Type out the lines below exactly, pictures excluded.

» **Given data**:
_____

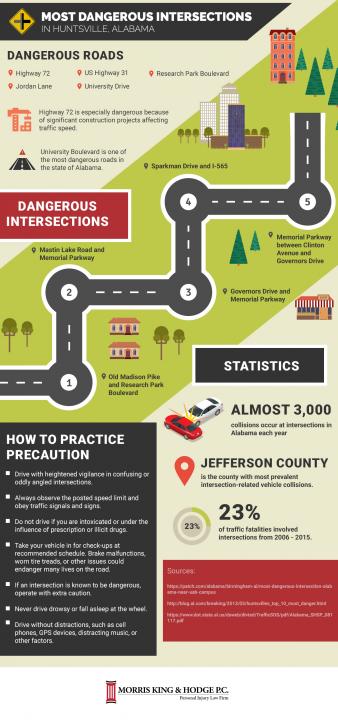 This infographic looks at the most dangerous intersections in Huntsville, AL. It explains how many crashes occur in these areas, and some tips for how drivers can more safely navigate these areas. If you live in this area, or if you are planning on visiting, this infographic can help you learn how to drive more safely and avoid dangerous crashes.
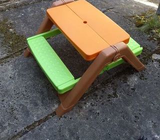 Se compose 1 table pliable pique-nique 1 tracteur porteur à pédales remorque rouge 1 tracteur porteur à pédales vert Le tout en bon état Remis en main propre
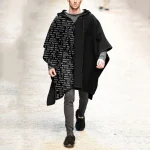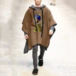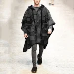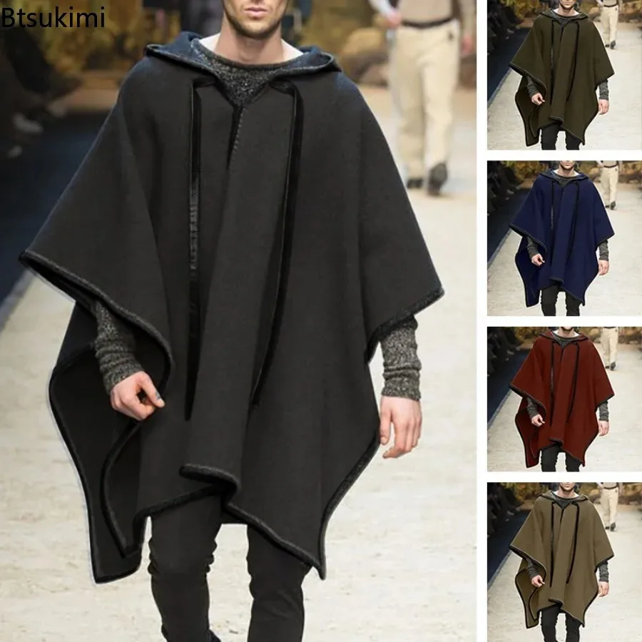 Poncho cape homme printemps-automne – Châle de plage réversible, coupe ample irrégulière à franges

_____

» **Exercise answer**:
 This infographic looks at the most dangerous intersections in Huntsville, AL. It explains how many crashes occur in these areas, and some tips for how drivers can more safely navigate these areas. If you live in this area, or if you are planning on visiting, this infographic can help you learn how to drive more safely and avoid dangerous crashes.
 Se compose 1 table pliable pique-nique 1 tracteur porteur à pédales remorque rouge 1 tracteur porteur à pédales vert Le tout en bon état Remis en main propre
 Poncho cape homme printemps-automne – Châle de plage réversible, coupe ample irrégulière à franges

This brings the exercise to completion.